Each file describes a dataset at a high level: - description and source - citation (used in docs and references) - versions list - latest_version

These files are used to validate dataset names and versions.

versions/

Each file defines a specific version of a dataset. It contains: - sources: how to download data (URLs, archives, checksums) - resources: what to extract and how to parse it - optional schema definitions for interactions or content

The schema drives how RawData/DataRec columns are interpreted.

metrics/

YAML files generated by DataRec with dataset characteristics (e.g., sparsity, users/items, density). They are produced by datarec/registry/utils.py.

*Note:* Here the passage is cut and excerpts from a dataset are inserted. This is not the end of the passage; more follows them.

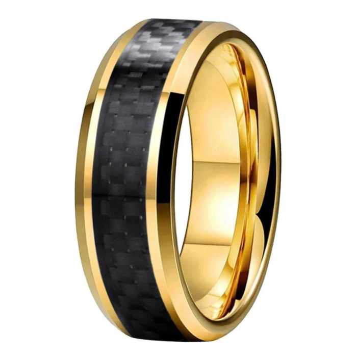 Bague homme acier placage or sertie et bande fibre de carbone argent
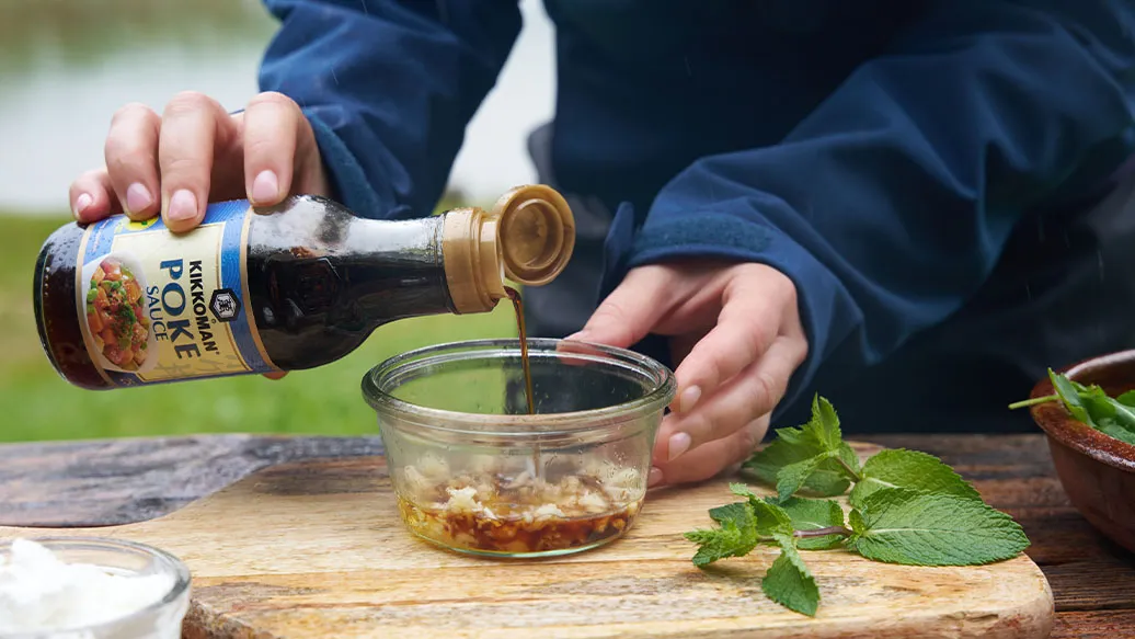 Pique bem o gengibre e o alho e misture com o Molho Kikkoman Poke e o mel para fazer um molho.
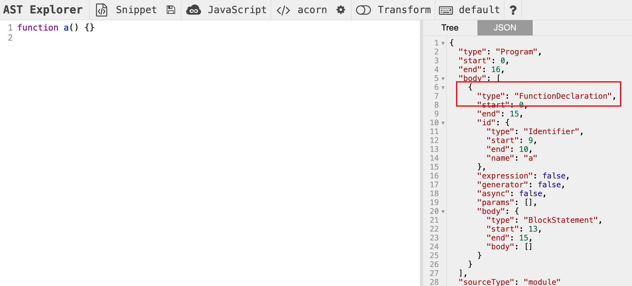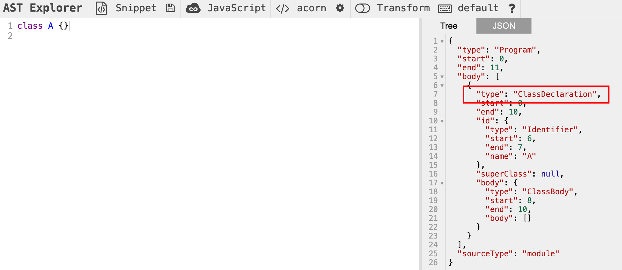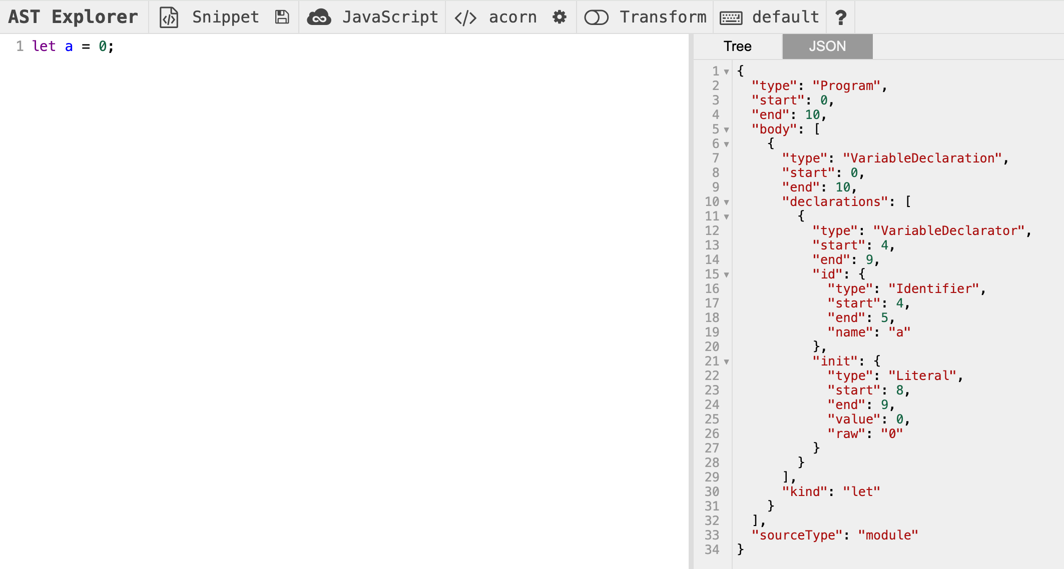 在astexplorer中,我们能够试验各种ast工具对源码的抽象。

How DataRec uses the registry

  1. User requests a dataset name/version.
  2. Registry metadata validates the request.
  3. Version file provides sources and resources.
  4. Dataset builder prepares and loads the data into DataRec.

Add a new dataset

  1. Create metadata in datarec/registry/datasets/<name>.yml.
  2. Create a version file in datarec/registry/versions/<name>_<version>.yml.
  3. (Optional) compute metrics with compute_dataset_characteristics in datarec/registry/utils.py.

Minimal resource example

resources:
  interactions:
    type: interactions
    format: csv
    required: true
    source_name: main_source
    filename: ratings.csv
    schema:
      user: user_id
      item: item_id
      rating: rating
      timestamp: timestamp

Tips

  • Keep latest_version aligned with the newest version.
  • Use checksums for reproducibility.
  • If the schema changes, introduce a new version file.